A manter-se esta intenção, o Ensino Secundário deixará de estar presente em todos os concelhos, ficando reduzido a apenas quatro

1. Reduzir o Ensino Secundário a apenas duas escolas no Funchal, uma a leste e outra a oeste da ilha, e ainda outra no Porto Santo, é a intenção a concretizar lá para 2026, segundo declarações de responsáveis regionais de Educação, face à gradual diminuição de população escolar... À falta de melhor estratégia para contrariar a descida demográfica, a solução é extinguir este nível de ensino em alguns locais... Medida de política educativa a acrescentar à discutível extinção, perdão, fusão de escolas públicas... Aos ouvidos ainda nos soam os discursos de congratulação, aquando de tantas inaugurações de escolas por essa ilha fora, algumas de duvidosa necessidade... E agora, em localidades marcadas por crescente despovoamento, decide-se encerrar o Ensino Secundário, esse reconhecido patamar mínimo de escolaridade e modernidade educativa, consagrado na Lei de Bases do Sistema Educativo, consensualmente aceite da direita à esquerda... E numa região onde mais de metade da população ativa não vai além do 3º ciclo do Ensino Básico...
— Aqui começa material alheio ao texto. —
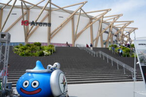 今週末は「ドラゴンクエストウォーキング<中部>」が開催されており、IGアリーナや名城公園を含む一帯はたくさんの観光客で賑わっています。そして、この日のバスケゲーム自体もドラクエとのコラボ仕様でした。私自身、幼少期からドラクエシリーズはプレイしてきましたので、めちゃくちゃテンションが上がりましたね!(試合前の選手紹介では、ホーム名古屋D.D.の時は勇者のテーマ、アウェイ滋賀レイクスの時は戦闘BGMだったり)開場まで時間があったので、ドラゴンクエストウォーキングのイベントにもほんの少し参加しました。

A manter-se esta intenção, o Ensino Secundário deixará de estar presente em todos os concelhos, ficando reduzido a apenas quatro. É claro que hoje há muitas vias rápidas e facilmente as pessoas poderão deslocar-se, argumenta-se. Já não estamos na Madeira de antigamente, quando só quem podia pagar colégio interno, moradia alternativa, ou tinha familiares a viver perto da cidade, podia seguir estudos. Não deixa de soar, todavia, a um entrave ao direito universal à Educação, uma das responsabilidades do Estado, consagradas na Constituição. Seguir-se-á o encerramento de outros serviços públicos, centros de Saúde, repartições públicas? É certo que cada vez temos menos crianças... Diminuem os nascimentos... Pelo menos nos espaços rurais... Sobram casas que vão ficando vazias de novos que, à falta de perspetiva de futuro partem em busca de rumo. Os velhos vão ficando até à demanda da etapa final da vida... Parece ser mais simples abdicar da escola... Menos despesa pública? Não se sabe a opinião de autarcas destas zonas sobre esta matéria, nem se terão sido consultados, mas não deixa de ser uma curiosa estratégia de desenvolvimento, ou repovoamento do desertificado espaço rural e da costa norte da ilha! Uma empresa privada não faria melhor...

2. Interessante é a indignação de certas figuras públicas face à degradação dos serviços de correios, com encerramento de estações, principalmente após a sua transformação de instituição de serviço público da responsabilidade do Estado, em empresa privada, na sequência da polémica venda efetuada pelo governo anterior. Que me lembre, (mas posso estar errada!), não vi essas mesmas figuras manifestarem-se contra essa decisão política; muito pelo contrário: tratava-se tão só de uma simples operação de liberalização de serviços, defensável para certos quadrantes da nossa racionalidade, onde o mercado podia operar e que traria, dizia-se, importantes lucros ao Estado. Atitude igual à liberalização do transporte aéreo para a Madeira, vão já dez anos: que era bom; que traria viagens baratas; que a concorrência entre as empresas transportadoras de e para o destino Madeira (uma urbe em termos populacionais igual a Nova Iorque!) faria baixar os preços dos bilhetes; e blá, blá, blá... A realidade está aí, com o direito à mobilidade refém das políticas de preços e das condições operacionais das transportadoras, acrescidas da meteorologia a que se junta a vergonhosa situação atual com a empresa concessionária do transporte aéreo para o Porto Santo...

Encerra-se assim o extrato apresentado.